The Berkeley researchers don’t expect that climate will be suddenly revealed as a dominant factor in the spread of the disease, but there could be important interactions between the different variables. It appears to have spread far more slowly in the southern hemisphere than in the northern hemisphere, for example. While many factors could contribute to this, it’s key to note that the warmer summer months in the southern hemisphere are December, January and February, when Covid-19 was beginning to take hold around the world and it was winter in the north.
Could winter weather increase the spread of Covid-19?

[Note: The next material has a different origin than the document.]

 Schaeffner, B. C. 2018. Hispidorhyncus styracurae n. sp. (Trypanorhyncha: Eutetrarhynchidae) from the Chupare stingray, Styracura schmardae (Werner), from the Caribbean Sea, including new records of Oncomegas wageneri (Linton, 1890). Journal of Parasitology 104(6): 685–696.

The key question now is whether there will be an increase in transmission in the southern hemisphere as it moves into winter throughout June, July and August, and whether autumn or winter in late 2020 could therefore lead to a second wave in the US and the northern hemisphere.
Brown says: “In general the seasonality of respiratory viruses is a complex problem, even more complex when the virus has not reached equilibrium with the population in terms of exposure and immunity, as is the case with Covid-19.

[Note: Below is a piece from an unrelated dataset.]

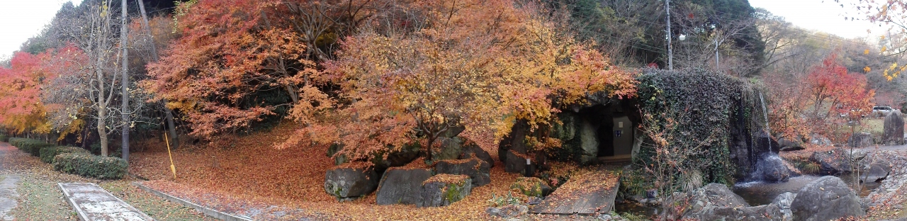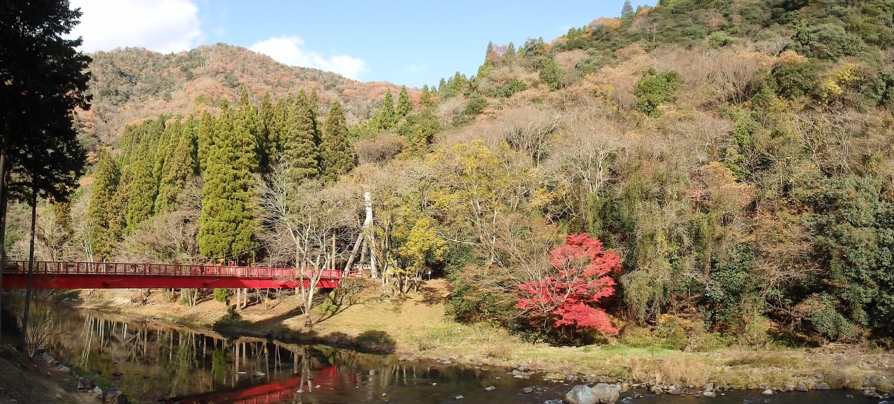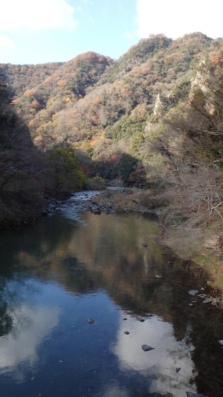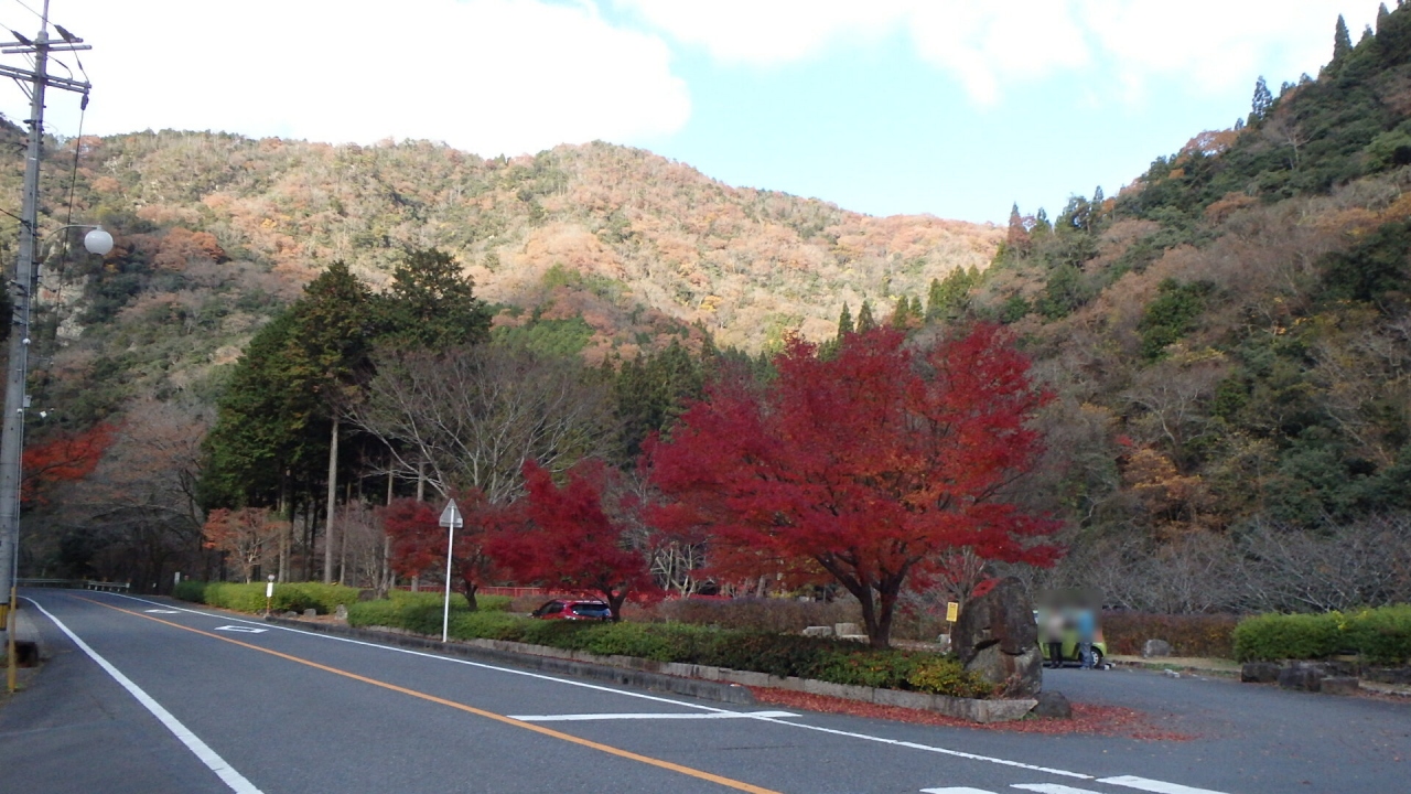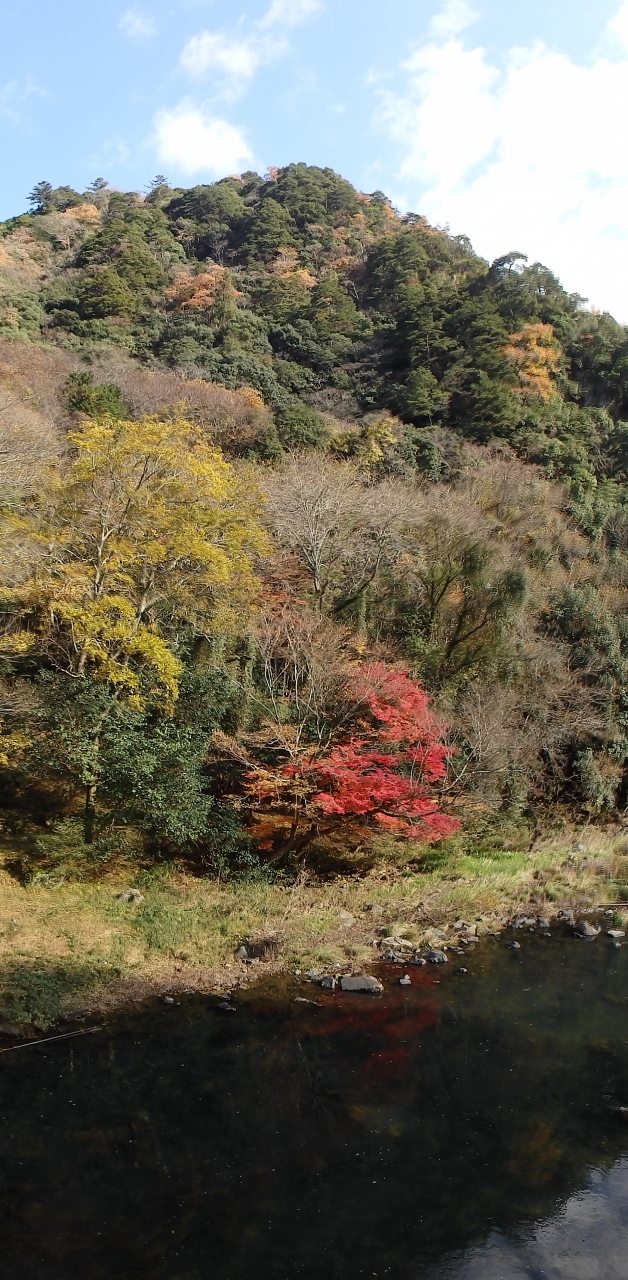 11月の紅葉シーズンには、NHKローカル放送の紅葉情報の1つとしてこの宇甘渓が紹介されています。しかし、訪れた時期がピークを過ぎていたせいか、これは素晴らしいと言えるほどの紅葉はありませんでした。また周囲を見渡してみた限りでも、川沿いや山麓が赤く染まるほどのモミジは生えていないように思いました。

“However, being able to accurately identify how specific factors like temperature, humidity, UV and wind speed influence virus transmission, either directly through effects on virus viability/aerosol dynamics or indirectly through impacts on human physiology or behaviour, would allow for improved prediction and development of public health strategies.”
The Berkeley Lab research team hopes to have the first phase of its work complete by late summer or early autumn in the US. After this, they plan to move into making projections under different scenarios, to try and aid in public health decisions. The different data scenarios they hope to try out include the impact of continued social distancing, the presence of vaccines or some level of herd immunity in different parts of the US.
“We are focusing on the US for now due to data availability,” Brown says. “If we are successful in identifying robust relationships with weather parameters, we could use the same models to determine what influence seasonal weather factors might have on Covid transmission as the southern hemisphere moves into winter.”